The mature merozoites are bounded with merosomes released from liver cell to blood watercourse by egress procedure. The survey based on intravital microscopy point out that merosomes protect merozoites from kupffer cells, therefore prevent phagocytosis. Kupffer cells are macrophages that are present in liver cells and activate during infection. Based on cistron and protein study, around 2000 active cistrons and 800 proteins are involved in parasite development at the liver phase ( Silvie et al 4 ) .

The 3rd phase is entry of merozoites into ruddy blood cell. A series of receptor-ligand interactions is necessary in attachment procedure between merozoites and red blood cells even though procedure occur rapidly. Experiment based on antibodies inhibiter from single exposed to malaria, show that it prevents peculiar invasion tract of parasite. Transmembrane protein apical membrane antigen1 ( AMA1 ) , can aim by antibodies to forestall invasion of parasite to red blood cell. EBA175 and EBA 181 are erythrocyte binding antigens are present in parasite and binds to glycoprotein of red blood cells of host.The Forth phase is development of merozoites inside ruddy blood cells.

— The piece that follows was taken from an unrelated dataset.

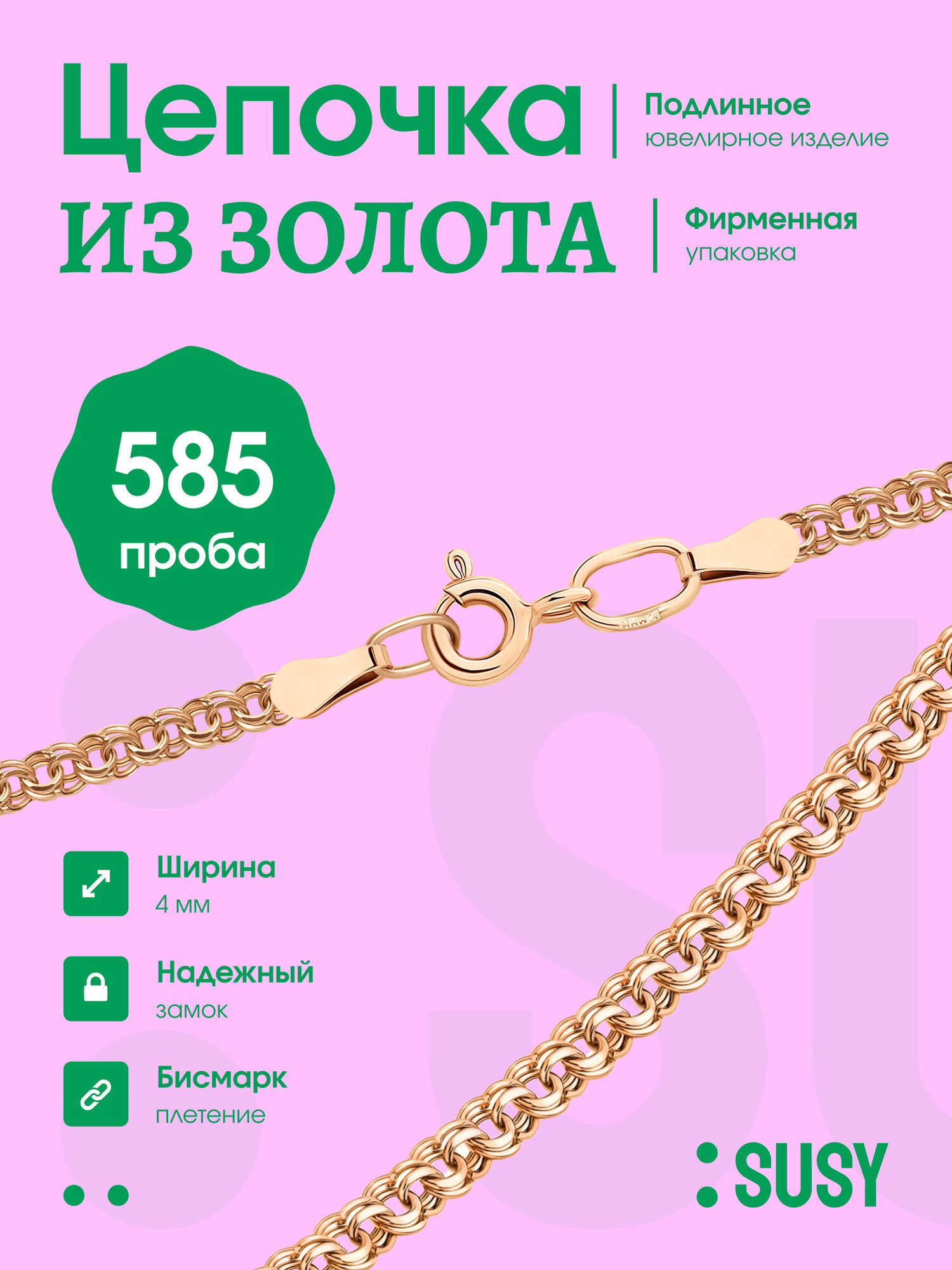 Купить Цепь Susy, красное золото, 585 проба, длина 50 см, средний вес 5.48 г, , красный

Once merozoites enter into ruddy blood cell, they form pealing phase. At this phase, they replicate by budding procedure. Exonemes play of import function in emersion of merozoites.

These septic merozoites can attach with new ruddy blood cell quickly and get down new rhythm. The recent proteins surveies discover that 592 and 644 are soluble membrane proteins in human ruddy blood cell and ETRAMPs ( early transcribed membrane proteins ) that located on PVM in parasites play of import function in parasite development.Scientists use mouse that was infected by Plasmodium berghei as a theoretical account to analyze intellectual malaria ( CM ) . The survey showed that histamine mediated signaling, chemokine receptors, dendritic cell and T cell responsible for developing CM. However, enzyme that catalyzed haem oxygenese 1 ( HO1 ) in host prevent CM, neuroinflammation and encephalon microvasculature congestion.

Recent survey point out that HO1 ordinance is of import in liver phase development and red blood cell of parasite in malaria ( Silvie et al. 4 ) .In decision, scientist found other factors played of import function in malaria development beside merely the familial footing. Since Plasmodium parasite can last in both liver and blood cell, interactions of parasite in host are regulated by different proteins or ligand at specific degree. Among these experiments of different phases, the 3rd phase experiment is the most of import. From this experiment, scientists can carry on research to develop a malaria vaccinum.

To destruct malaria parasite before they can come in into ruddy blood cells, AMA1 antigens can be targeted by antibodies. However, the farther item survey needs to concentrate on the soundless phase of malaria parasite that does non recognized by host immune system.